Sri Lanka to tax car crashes in drastic austerity budget, raising money and ‘reducing accidents’
- Economy shrank a record 3.6 per cent last year and faces foreign exchange crisis, the worst since free economy began in 1978
- Nation’s roads among world’s most dangerous with around 3,000 fatalities and 25,000 seriously injured each year

Sri Lanka has slapped a tax on road accidents in a drastic austerity budget as the country faces a major foreign exchange crisis.
“It is proposed to impose a fee on vehicles meeting with accidents,” Finance Minister Basil Rajapaksa told parliament on Friday. “Through this initiative, it is expected to reduce the number of motor vehicle accidents.”
Rajapaksa said accidents would be taxed under new proposals to keep the budget deficit at 8.8 per cent of GDP in 2022, down from 11.1 per cent this year. He did not give details of the crash tax.

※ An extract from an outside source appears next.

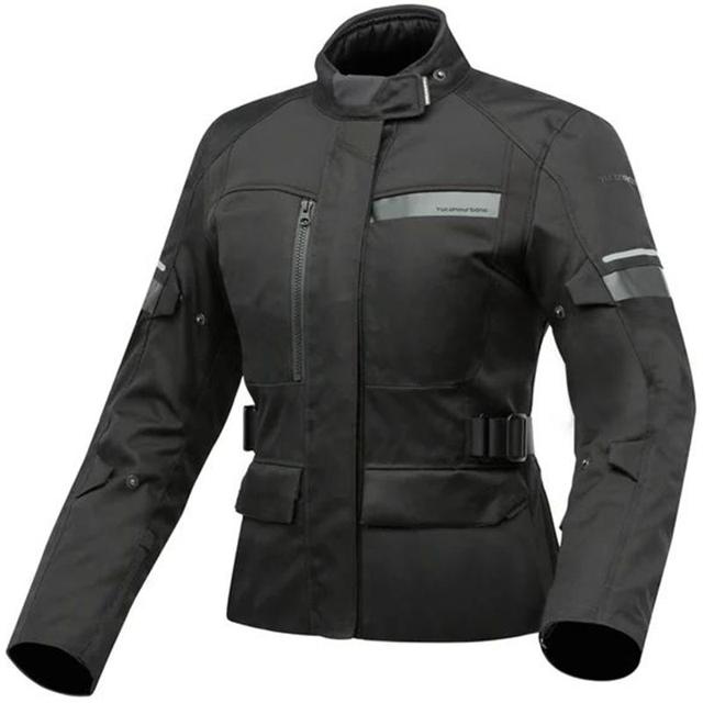 Veste moto étanche pour femme avec doublure amovible, confortable et sécurisée pour toutes les saisons.

Rajapaksa said the country was facing a serious crisis with foreign reserves at US$2.3 billion, down from US$7.5 billion when his brother Gotabaya took over as president two years ago.
“We have to accept that the increase in prices is due to a shortage of goods, the imposition of import restrictions, the over-reliance on imports, the depreciation of the rupee together with the failure to adequately encourage manufacturers,” he said.